I roll my eyes and force myself to laugh with her, hoping she doesn’t notice the way my breathing has accelerated. I have noticed he’s the cutest, though I would have guessed Sophie would think of someone else.
“What about Tae Hwa?” I ask. “He’s cute.”
“I guess,” is all she says, but I spot the blush growing in her cheeks.
We spend the rest of the the ride trying to sleep. I shift a dozen times in my seat, but I can’t drift off. So I stuff headphones into my ears and listen to the playlist Sophie made me of all the songs Jason suggested. The synthesized beats and squeaky-clean vocals grate my nerves at first, but I soon find myself tapping my foot and humming along. This KPOP stuff is catchy, I’ll give it that. And at least they use English phrases a lot, mixed in with the Korean, so I understand some of it.
When our bus finally pulls into the station, the October night is chilly. Wrapping my arms around myself against the cold, I grab my backpack and shuffle out onto the pavement.

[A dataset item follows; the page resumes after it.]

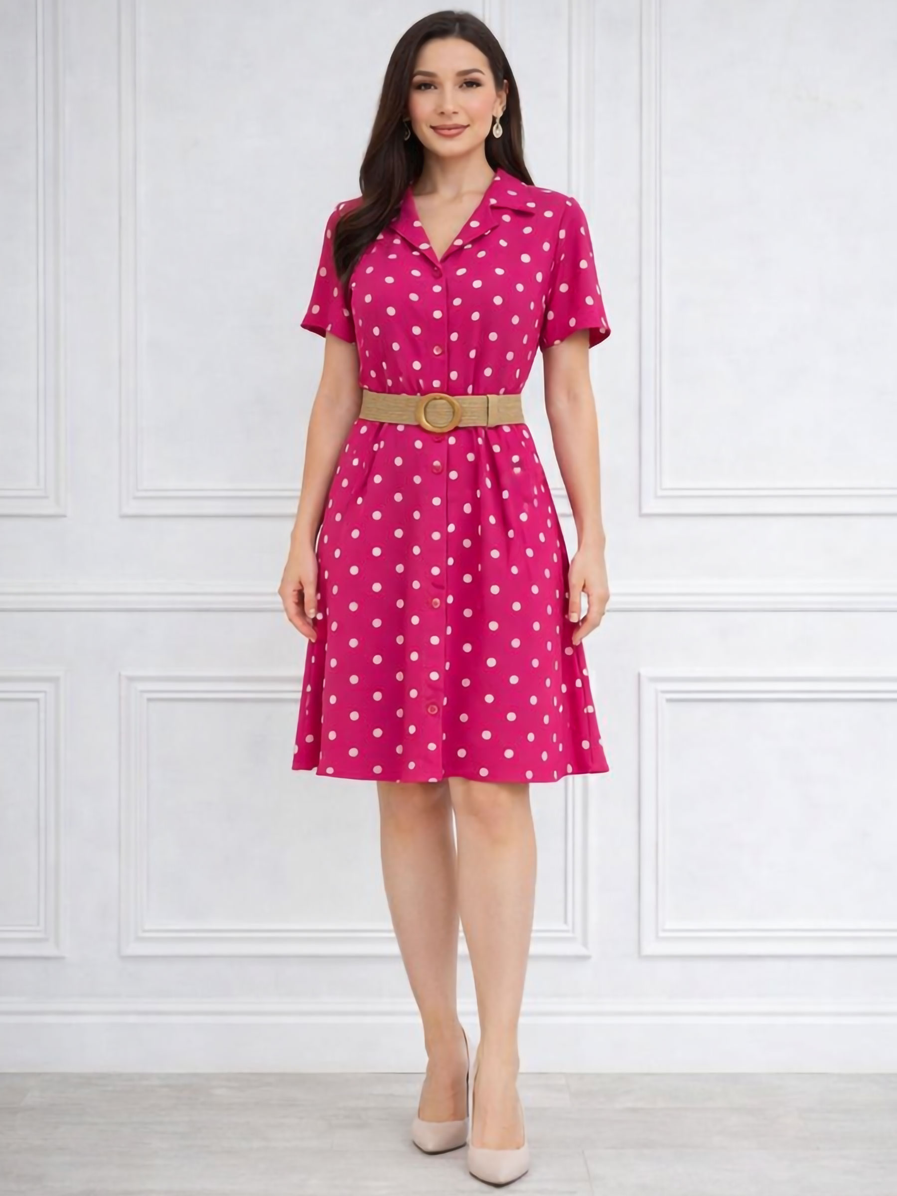 Nuevo Mín. 9 Vestidos Vestido camisero lino con lunares y flores DB-X5979 Tallas: S-M-L.Colección: Primavera/Verano 2026. Ver precio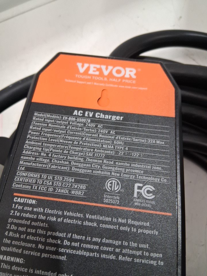 VEVOR Level 2 Portable EV Charger Vehicle Charger with 28ft cable - nema 14-50 240V 32AMP - BLACK AND WHITE - (MODEL: ev-b06-us007b)

Tilting my head back, I peer up at the chorus of stars overhead, marveling at their brightness this far from the city.
“Grace, hurry up!” Sophie calls.
“I’m coming, I’m coming,” I growl, slicking back my ponytail, which has totally frizzed after that long ride.
Sophie and I make our way through the bus station, which is a lot smaller than the one we transferred through in Incheon. There are only two buses lined up at the stop, in contrast to the nearly fifteen there.
“Tae Hwa said the driver would meet us out front,” Sophie says, her attention more on her phone than where she’s going.
I grab her arm and maneuver her around pedestrians before she runs over anyone, and we camp out at the curb in front of the building. Lights dot the countryside before us, but mostly it’s dark. Shadowy mountains stretch up to the sky, their round backs blotting out the stars. If I listen hard, I can hear seagulls, but we’re too far from the water to hear any ocean waves.
A pair of headlights pulls up, and the driver stops right in front of us. A familiar face pokes out of the passenger side of a van.